I'm telling you all right now, chance are if you are sitting here waiting to get that "Sorry" from someone...it probably won't happen so you need to move on. I have learned this SO much between the ages of 20-25. I've had more ups and downs with friendships than ever before, in a "I'd much rather go through high school again than deal with this BS"...yeah. So after a while of not getting an apology, I've had to learn that it's just not going to happen because some people just aren't big enough people to apologize. Once you learned to accept the apology you never got...i promise you that you will be 100% happier.

One Tree Hill still is the greatest show of all time.
I think I watch the series on DVD at least once a year. (It's also on netflix). I know every single word and yet it never gets old. It's also a good "go to" when you don't know what to do with your life situations. because i'm telling you, that shit is wisdomatic. (is that a word? it is now)

Establish a Work out routine that works for you.
If cross fit isn't your think...don't freaking do it. dear lord people. We don't always have to keep up with the trends to fit in and get fit. and if you don't have the money for a gym membership or you're like me and Gyms aren't your thing. Don't go. you can easily find a 'at home workout' that fits your needs and that you like. The important thing isn't your weight loss or muscle gain..It's that you are dedicating your time to being the healthiest YOU can be. Not the healthiest people are telling you to be.
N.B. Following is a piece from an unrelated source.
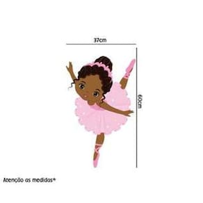 Adesivo de parede bailarina mod05 Medida: 37 x 60 cm As imagens anunciadas são ilustrativas Tamanho do adesivo O adesivo da foto parece grande Então atenção: O modelo que está na foto não se refere ao tamanho do adesivo anunciado. deixamos o adesivo grande para que você possa visualizar melhor o produto que está comprando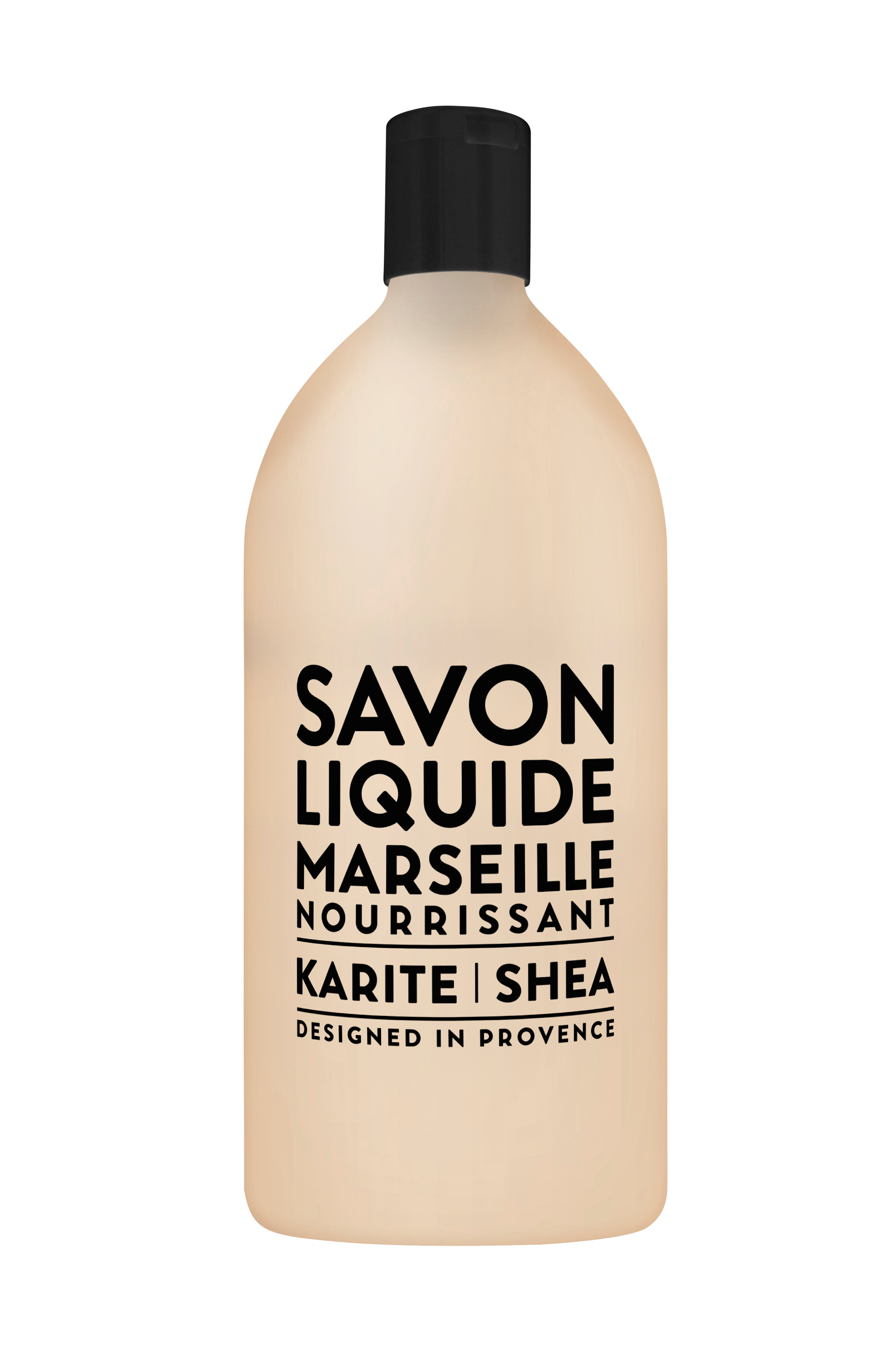 Nestemäinen Marseille-saippua, jossa ravitsevaa shea-voita. Kevyt ja kermainen vaahto puhdistaa hellävaraisesti ja ihoa kuivattamatta.

Take time to do what makes your soul happy.
 You need YOU time. You need to do something that makes you happy. If that's going to the beach and laying on the sand. DO IT. If your happiness is laying in bed with a bag of doritos, boxed wine, and netflix...DO IT. Just take time to do what makes your soul happy and screw what everyone thinks.

Screw walking to your own Drum, Bust out in your own Musical. 
If you're gunna be weird, BE WIERD. If you're gunna do your own thing, DO IT BIG. Enough Said.


Turning 25 isn't as bad as you think.
Yeah I know, I'm in my earliest hours of the age...but I have friends who are terrified of turning 25 because they think their life is over. Hell No. I am embracing 25. I may just go rent a car today. But in all seriousness, if turning 25 is your biggest concern in life than you are doing pretty damn good. I don't know why people tell you its all "down hill" and over once you turn 25. I feel like my life is still just beginning. Does this mean I'm an adult now? Or is that not until 30? Shit. I'm still in my twenties so I'm going to party like a rockstar while I can. Embrace the Quarter Life!!!!!